● **TASK STATEMENT**:
The material below is to be copied exactly from the line with "Vestido corto en" up to and including the line with "Износостойкий мягкий материал, не", with nothing else kept and no pictures.

● **INPUT DATA**:
=== Begin Enclosure ===
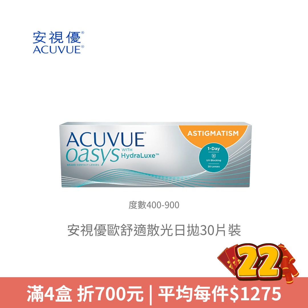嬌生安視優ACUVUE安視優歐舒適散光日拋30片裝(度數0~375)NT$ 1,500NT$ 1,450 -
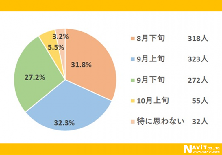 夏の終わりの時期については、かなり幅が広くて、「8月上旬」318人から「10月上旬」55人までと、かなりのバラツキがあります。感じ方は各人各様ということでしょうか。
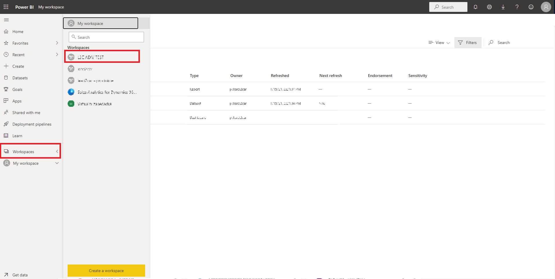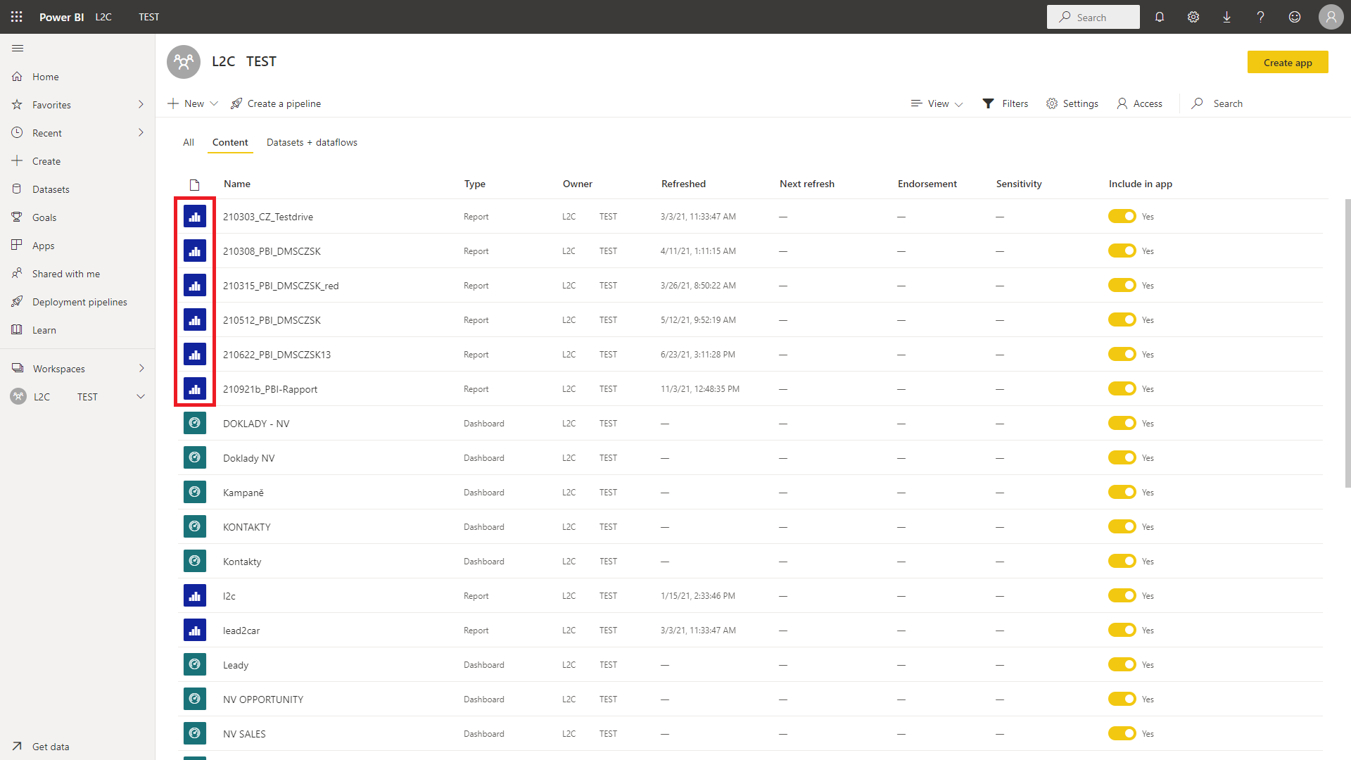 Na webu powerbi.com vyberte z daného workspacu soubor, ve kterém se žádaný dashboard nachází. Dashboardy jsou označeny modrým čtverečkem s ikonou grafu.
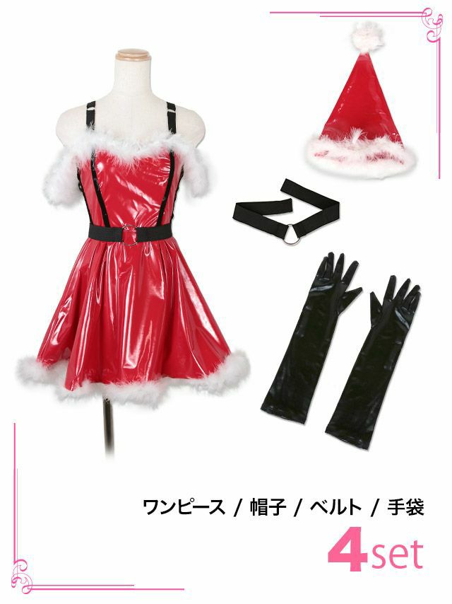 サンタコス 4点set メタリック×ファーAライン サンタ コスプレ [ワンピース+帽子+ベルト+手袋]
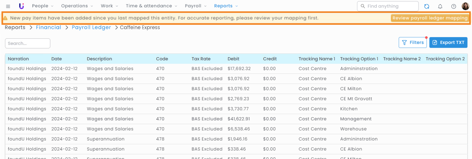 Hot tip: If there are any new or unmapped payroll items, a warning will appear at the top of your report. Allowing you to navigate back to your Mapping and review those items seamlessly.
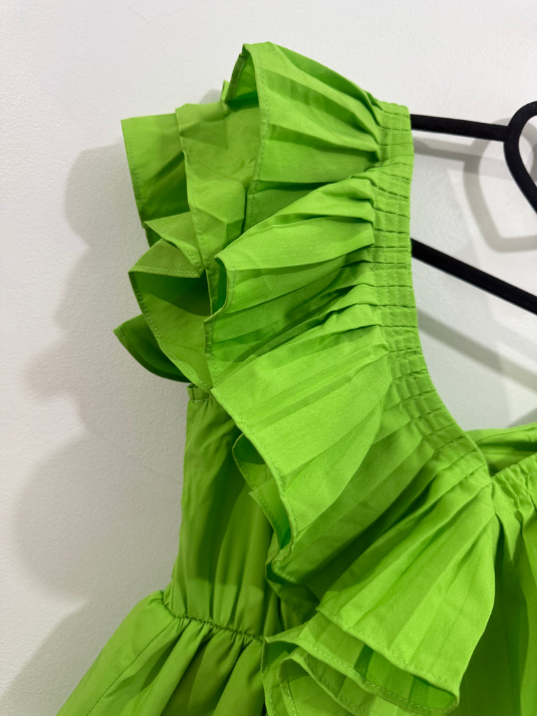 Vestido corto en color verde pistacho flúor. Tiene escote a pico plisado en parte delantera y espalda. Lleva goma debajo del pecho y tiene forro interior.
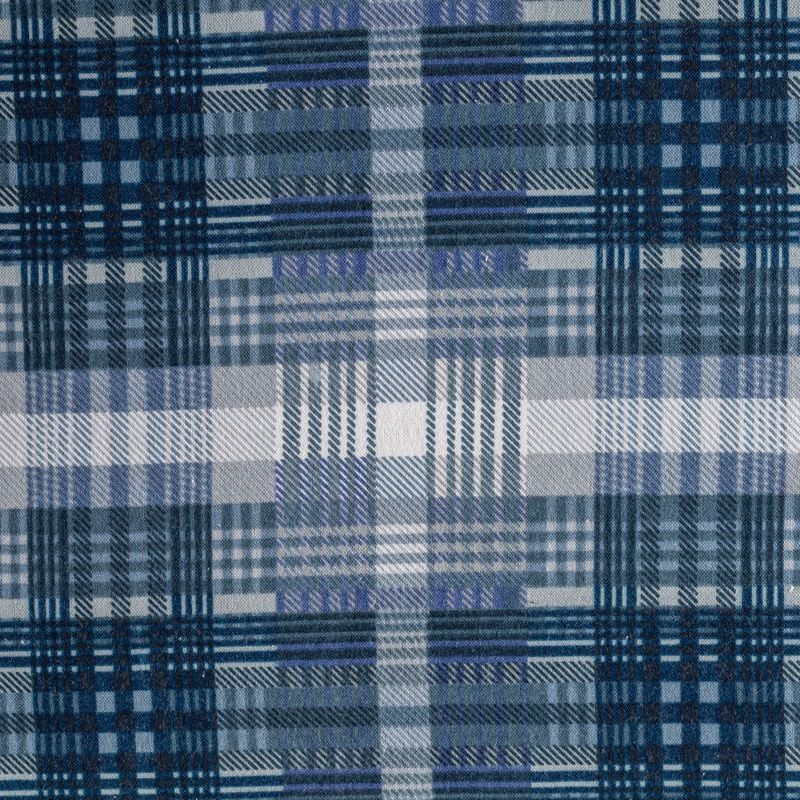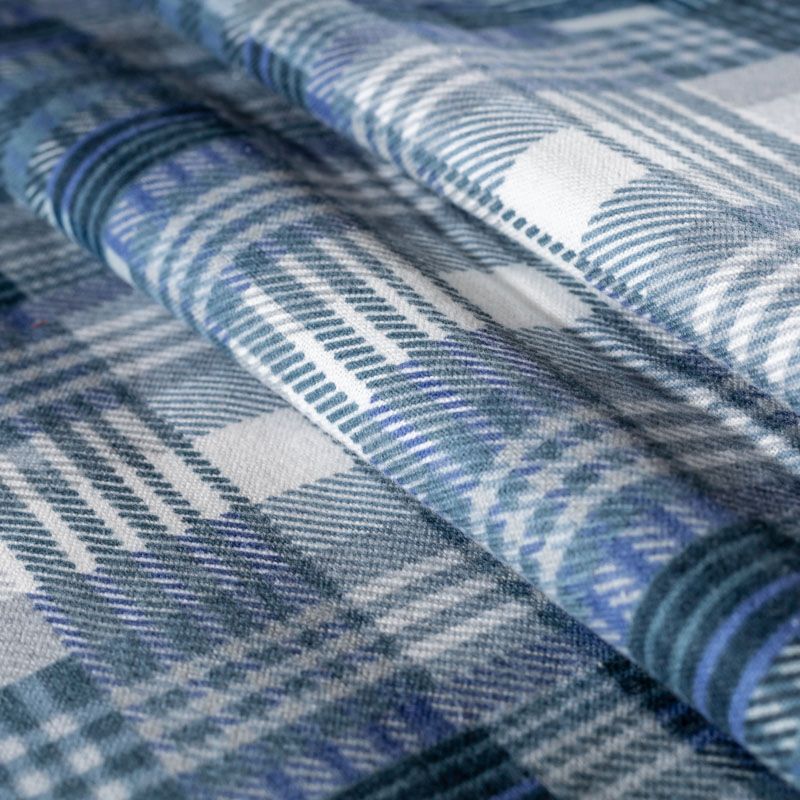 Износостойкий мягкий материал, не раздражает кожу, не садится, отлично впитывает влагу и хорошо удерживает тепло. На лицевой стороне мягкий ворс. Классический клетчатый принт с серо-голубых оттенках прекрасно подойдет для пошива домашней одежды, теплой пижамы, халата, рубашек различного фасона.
=== End Enclosure ===
=== Begin Enclosure ===
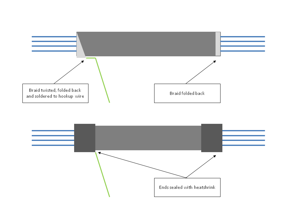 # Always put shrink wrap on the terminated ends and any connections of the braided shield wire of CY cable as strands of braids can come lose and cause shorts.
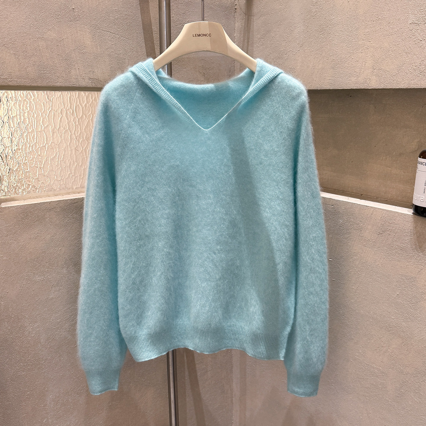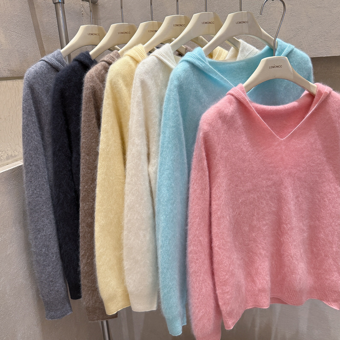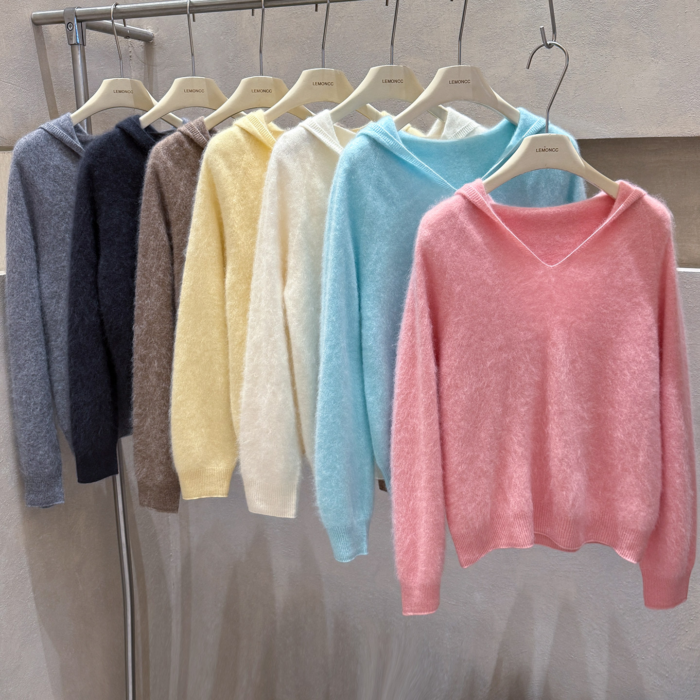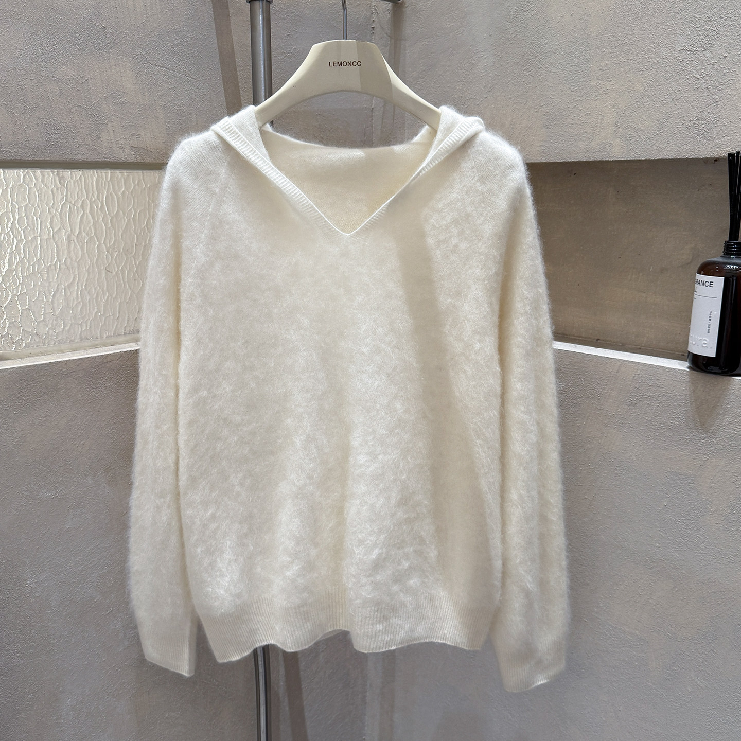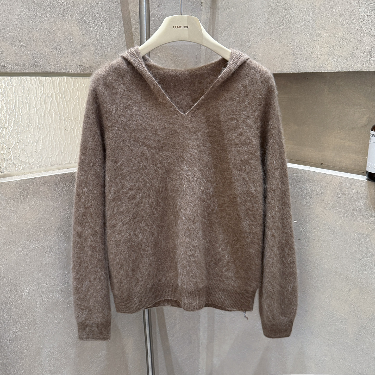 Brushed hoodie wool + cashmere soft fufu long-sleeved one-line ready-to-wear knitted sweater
=== End Enclosure ===
● **RESPONSE BELOW**:
 Vestido corto en color verde pistacho flúor. Tiene escote a pico plisado en parte delantera y espalda. Lleva goma debajo del pecho y tiene forro interior.
 Износостойкий мягкий материал, не раздражает кожу, не садится, отлично впитывает влагу и хорошо удерживает тепло. На лицевой стороне мягкий ворс. Классический клетчатый принт с серо-голубых оттенках прекрасно подойдет для пошива домашней одежды, теплой пижамы, халата, рубашек различного фасона.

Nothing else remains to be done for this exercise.